§ **Data section**:
☆ ☆ ☆ ☆ ☆ ☆ ☆

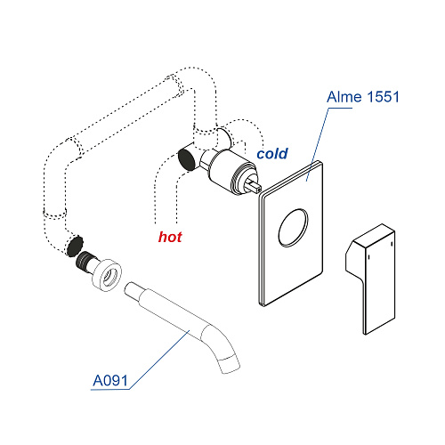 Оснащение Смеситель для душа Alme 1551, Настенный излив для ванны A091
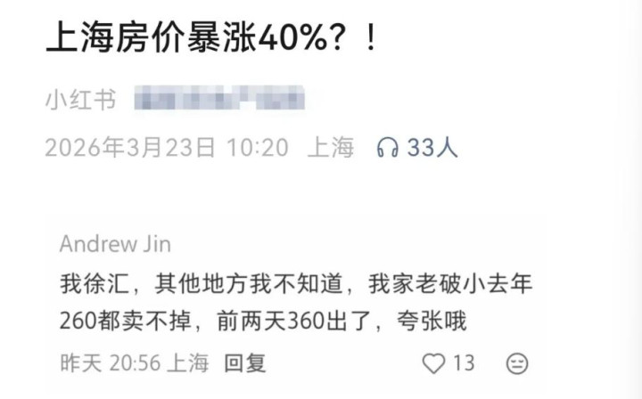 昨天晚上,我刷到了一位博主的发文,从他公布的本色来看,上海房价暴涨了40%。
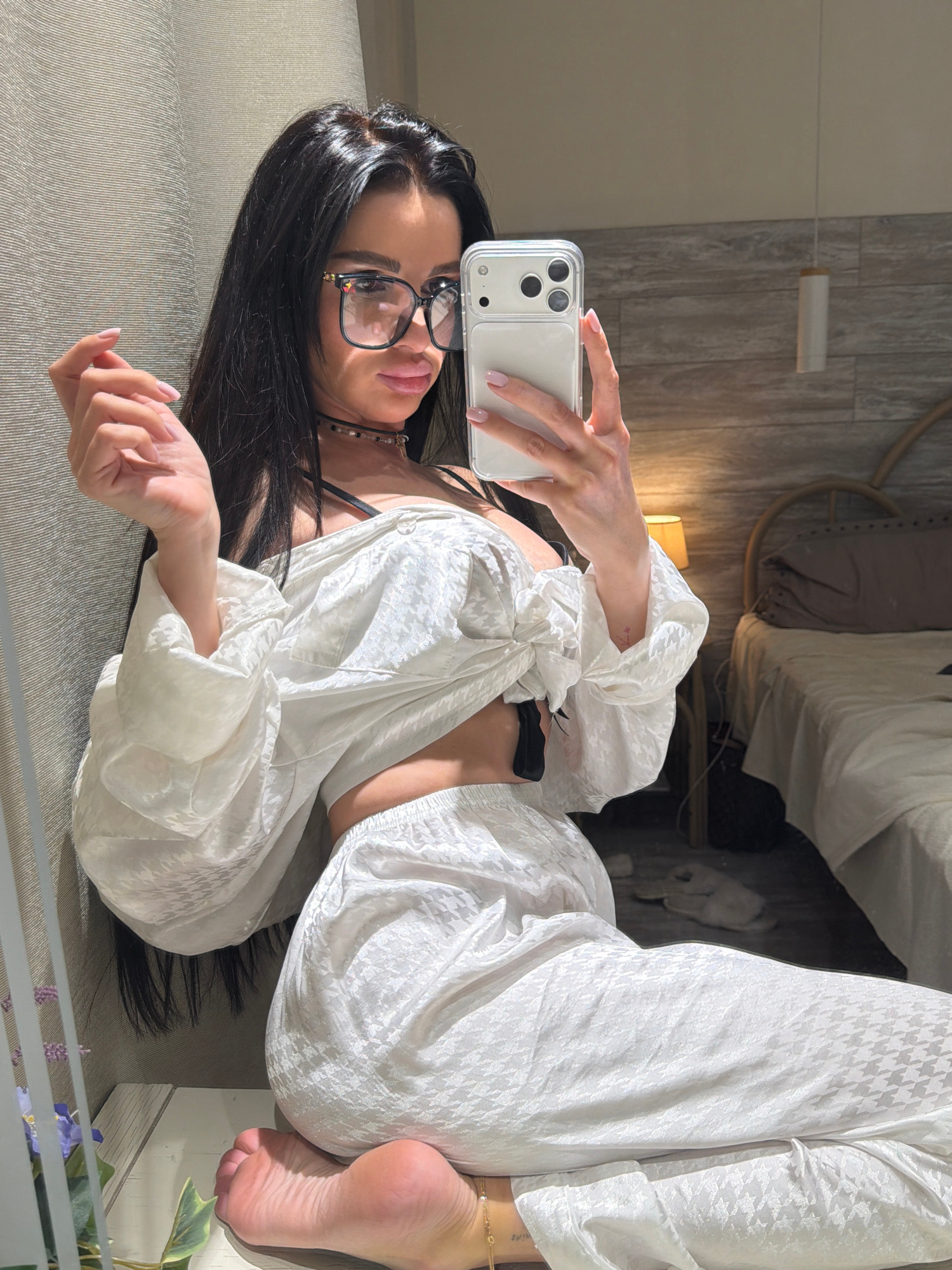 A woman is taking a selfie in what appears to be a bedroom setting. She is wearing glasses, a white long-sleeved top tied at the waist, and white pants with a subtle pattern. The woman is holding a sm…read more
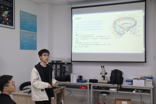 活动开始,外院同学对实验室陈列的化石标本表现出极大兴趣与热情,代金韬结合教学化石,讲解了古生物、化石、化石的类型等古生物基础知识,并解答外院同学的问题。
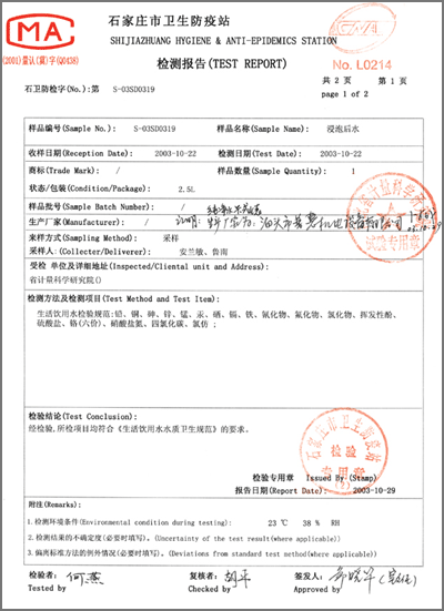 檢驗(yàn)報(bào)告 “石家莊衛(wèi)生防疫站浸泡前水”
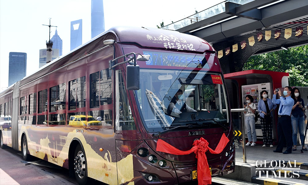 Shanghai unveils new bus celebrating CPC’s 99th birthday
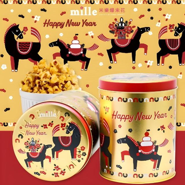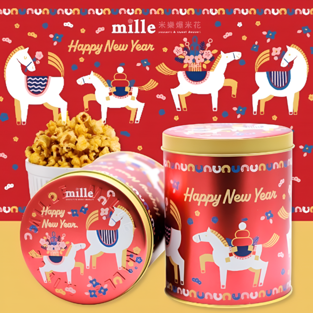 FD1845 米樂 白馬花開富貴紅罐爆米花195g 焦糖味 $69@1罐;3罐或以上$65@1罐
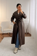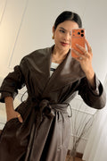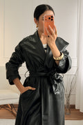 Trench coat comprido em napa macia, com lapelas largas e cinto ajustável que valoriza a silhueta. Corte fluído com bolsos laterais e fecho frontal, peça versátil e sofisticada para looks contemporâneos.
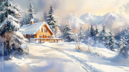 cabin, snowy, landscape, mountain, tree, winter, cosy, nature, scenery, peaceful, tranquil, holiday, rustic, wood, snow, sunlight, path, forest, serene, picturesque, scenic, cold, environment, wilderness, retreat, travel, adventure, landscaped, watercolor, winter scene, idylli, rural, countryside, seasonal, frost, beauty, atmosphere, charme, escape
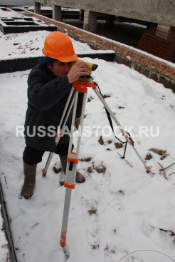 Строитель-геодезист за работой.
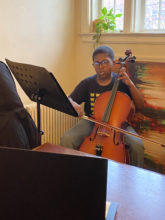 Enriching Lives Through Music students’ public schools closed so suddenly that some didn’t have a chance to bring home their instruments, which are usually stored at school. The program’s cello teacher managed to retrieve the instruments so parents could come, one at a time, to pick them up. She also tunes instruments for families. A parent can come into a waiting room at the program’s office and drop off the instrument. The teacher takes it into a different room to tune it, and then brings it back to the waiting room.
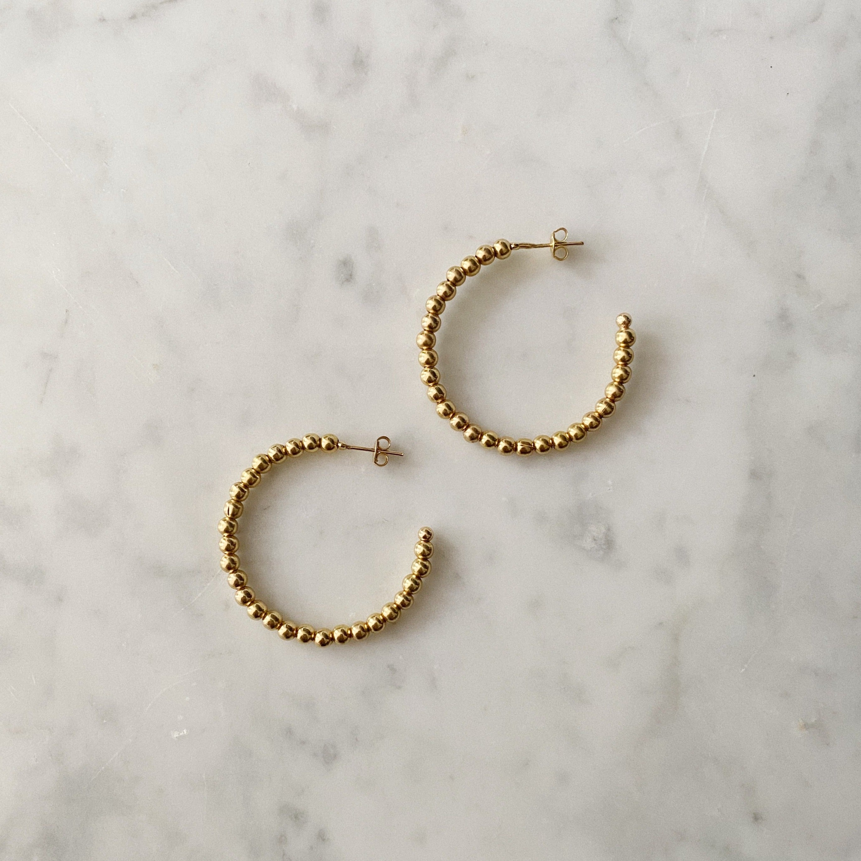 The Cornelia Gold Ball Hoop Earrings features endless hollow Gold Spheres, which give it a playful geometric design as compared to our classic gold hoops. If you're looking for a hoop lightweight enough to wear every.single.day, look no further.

☆ ☆ ☆ ☆ ☆ ☆ ☆

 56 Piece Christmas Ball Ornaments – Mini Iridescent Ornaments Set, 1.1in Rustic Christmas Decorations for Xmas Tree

☆ ☆ ☆ ☆ ☆ ☆ ☆

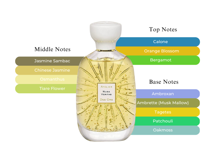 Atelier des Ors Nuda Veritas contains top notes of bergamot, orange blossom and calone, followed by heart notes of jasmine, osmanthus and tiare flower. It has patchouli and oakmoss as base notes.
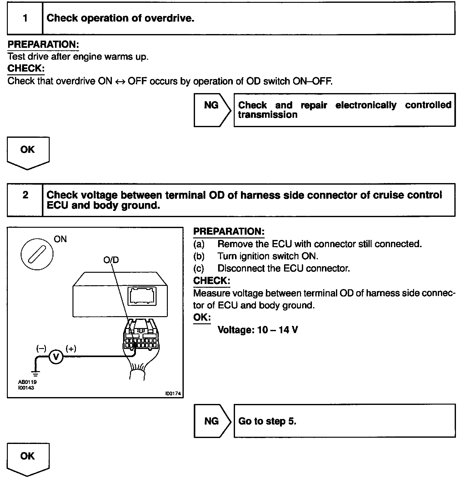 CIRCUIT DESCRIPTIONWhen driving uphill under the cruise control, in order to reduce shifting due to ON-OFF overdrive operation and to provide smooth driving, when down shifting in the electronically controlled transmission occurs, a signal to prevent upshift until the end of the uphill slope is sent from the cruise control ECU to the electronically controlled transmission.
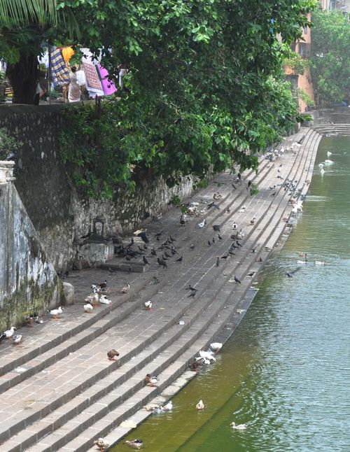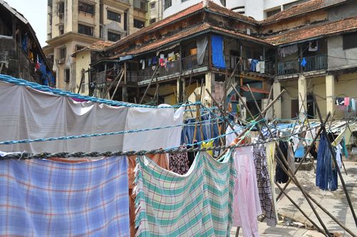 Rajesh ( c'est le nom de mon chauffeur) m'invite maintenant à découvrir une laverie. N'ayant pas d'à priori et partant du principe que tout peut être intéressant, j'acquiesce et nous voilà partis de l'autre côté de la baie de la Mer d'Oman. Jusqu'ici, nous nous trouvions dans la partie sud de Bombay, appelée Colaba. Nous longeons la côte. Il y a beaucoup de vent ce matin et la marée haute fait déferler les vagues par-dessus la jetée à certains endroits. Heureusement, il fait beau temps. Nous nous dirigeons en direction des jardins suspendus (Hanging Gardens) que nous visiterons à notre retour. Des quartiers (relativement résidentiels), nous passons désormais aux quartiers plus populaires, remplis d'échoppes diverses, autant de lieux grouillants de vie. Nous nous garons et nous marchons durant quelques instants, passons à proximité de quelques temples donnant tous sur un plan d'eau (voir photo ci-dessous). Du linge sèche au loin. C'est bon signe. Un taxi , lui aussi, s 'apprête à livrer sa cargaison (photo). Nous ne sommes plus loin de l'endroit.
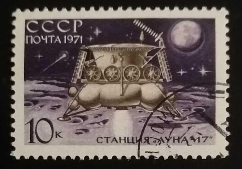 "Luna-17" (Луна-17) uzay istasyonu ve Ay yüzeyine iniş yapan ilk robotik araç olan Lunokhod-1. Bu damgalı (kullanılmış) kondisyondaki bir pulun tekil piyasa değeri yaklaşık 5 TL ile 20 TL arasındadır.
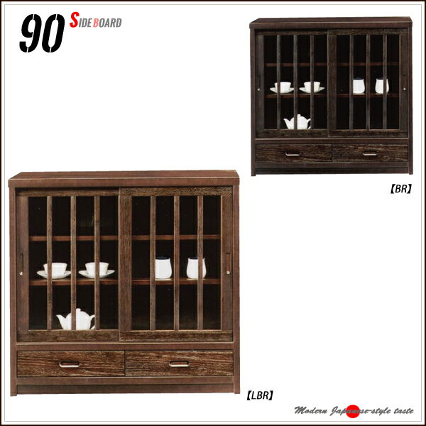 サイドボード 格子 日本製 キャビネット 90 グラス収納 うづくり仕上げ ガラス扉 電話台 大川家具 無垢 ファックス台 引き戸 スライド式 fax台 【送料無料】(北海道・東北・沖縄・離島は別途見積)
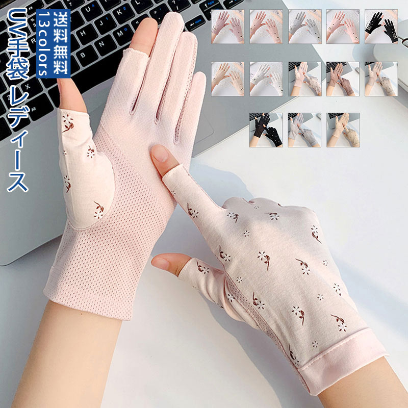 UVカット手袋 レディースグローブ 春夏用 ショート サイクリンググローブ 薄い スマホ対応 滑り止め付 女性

☆ ☆ ☆ ☆ ☆ ☆ ☆

§ **What you will do**: Please output the lines above beginning at the line with "Atelier des Ors" and ending after the line with "UVカット手袋 レディースグローブ 春夏用", precisely as written and with no pictures.

§ **Output for this exercise**:
 Atelier des Ors Nuda Veritas contains top notes of bergamot, orange blossom and calone, followed by heart notes of jasmine, osmanthus and tiare flower. It has patchouli and oakmoss as base notes.
 CIRCUIT DESCRIPTIONWhen driving uphill under the cruise control, in order to reduce shifting due to ON-OFF overdrive operation and to provide smooth driving, when down shifting in the electronically controlled transmission occurs, a signal to prevent upshift until the end of the uphill slope is sent from the cruise control ECU to the electronically controlled transmission.
 Rajesh ( c'est le nom de mon chauffeur) m'invite maintenant à découvrir une laverie. N'ayant pas d'à priori et partant du principe que tout peut être intéressant, j'acquiesce et nous voilà partis de l'autre côté de la baie de la Mer d'Oman. Jusqu'ici, nous nous trouvions dans la partie sud de Bombay, appelée Colaba. Nous longeons la côte. Il y a beaucoup de vent ce matin et la marée haute fait déferler les vagues par-dessus la jetée à certains endroits. Heureusement, il fait beau temps. Nous nous dirigeons en direction des jardins suspendus (Hanging Gardens) que nous visiterons à notre retour. Des quartiers (relativement résidentiels), nous passons désormais aux quartiers plus populaires, remplis d'échoppes diverses, autant de lieux grouillants de vie. Nous nous garons et nous marchons durant quelques instants, passons à proximité de quelques temples donnant tous sur un plan d'eau (voir photo ci-dessous). Du linge sèche au loin. C'est bon signe. Un taxi , lui aussi, s 'apprête à livrer sa cargaison (photo). Nous ne sommes plus loin de l'endroit.
 "Luna-17" (Луна-17) uzay istasyonu ve Ay yüzeyine iniş yapan ilk robotik araç olan Lunokhod-1. Bu damgalı (kullanılmış) kondisyondaki bir pulun tekil piyasa değeri yaklaşık 5 TL ile 20 TL arasındadır.
 サイドボード 格子 日本製 キャビネット 90 グラス収納 うづくり仕上げ ガラス扉 電話台 大川家具 無垢 ファックス台 引き戸 スライド式 fax台 【送料無料】(北海道・東北・沖縄・離島は別途見積)
 UVカット手袋 レディースグローブ 春夏用 ショート サイクリンググローブ 薄い スマホ対応 滑り止め付 女性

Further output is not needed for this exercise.